Re: Possible missing segments in archiving on standby - Mailing list pgsql-hackers

From Fujii Masao
Subject Re: Possible missing segments in archiving on standby
Date
Msg-id f045a90c-5971-aa6b-7e32-c9b4f64d91b8@oss.nttdata.com
Whole thread Raw
In response to Re: Possible missing segments in archiving on standby  (Kyotaro Horiguchi <horikyota.ntt@gmail.com>)
Responses Re: Possible missing segments in archiving on standby
List pgsql-hackers

On 2021/09/03 14:56, Kyotaro Horiguchi wrote:
> +                if (readSource == XLOG_FROM_STREAM &&
> +                    record->xl_rmid == RM_XLOG_ID &&
> +                    (record->xl_info & ~XLR_INFO_MASK) == XLOG_SWITCH)
> 
> readSource is the source at the time startup reads it and it could be
> different from the source at the time the record was written.
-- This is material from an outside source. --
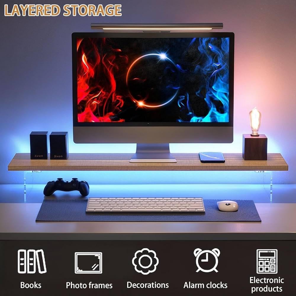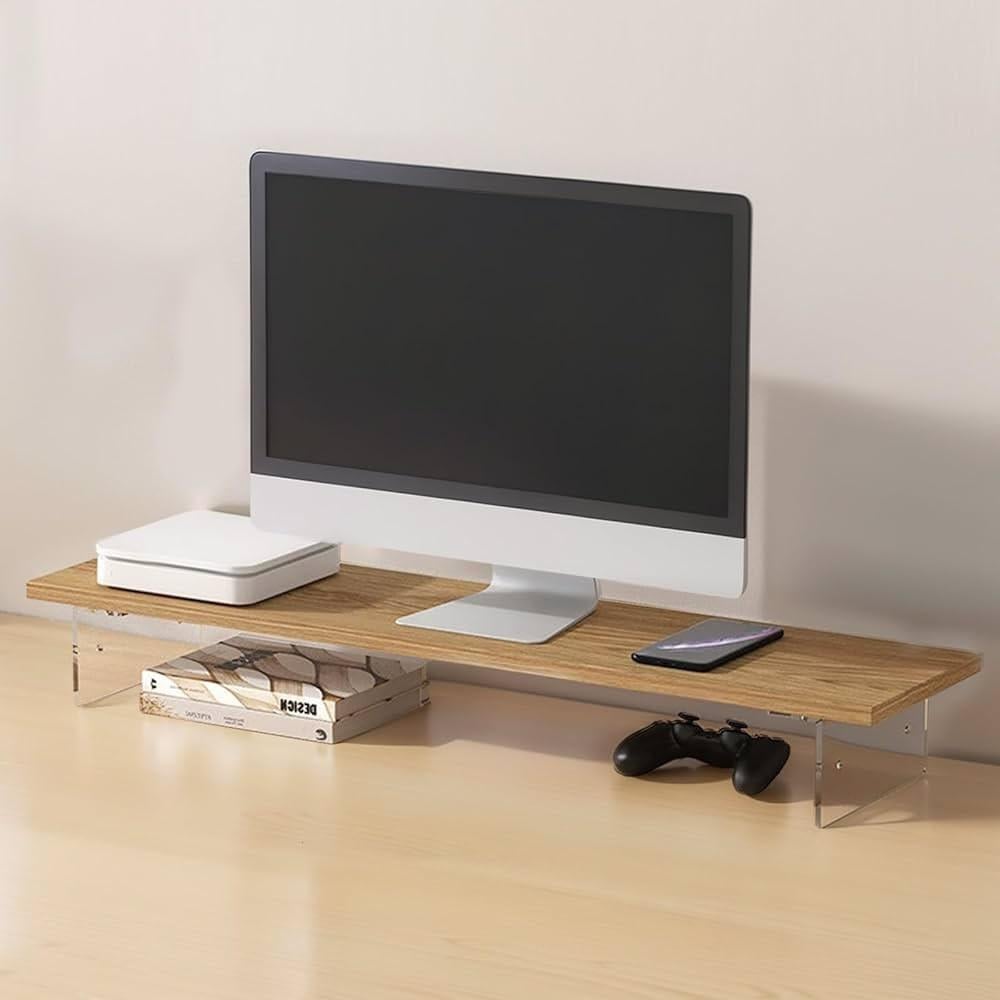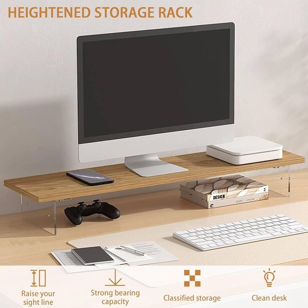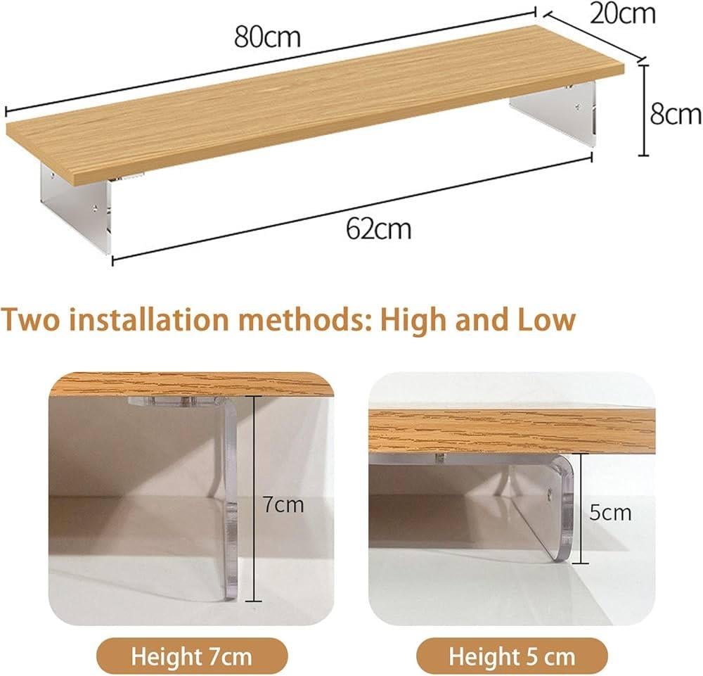 حامل شاشة خشب مقاس 80 سم للمكتب ، حامل لشاشة الكمبيوتر واللابتوب بارتفاع مريح، متوفر بارتفاعين، رف للمكتب مع منظم لوحة المفاتيح

We
> cannot know where the record came from there, so does the readSource
> condition work as expected?  If we had some trouble streaming just
> before, readSource at the time is likely to be XLOG_FROM_PG_WAL.

Yes.


> +                        if (XLogArchivingAlways())
> +                            XLogArchiveNotify(xlogfilename, true);
> +                        else
> +                            XLogArchiveForceDone(xlogfilename);
> 
> The path is used both for crash and archive recovery. If we pass there
> while crash recovery on a primary with archive_mode=on, the file could
> be marked .done before actually archived. On the other hand when
> archive_mode=always, the file could be re-marked .ready even after it
> has been already archived.  Why isn't it XLogArchiveCheckDone?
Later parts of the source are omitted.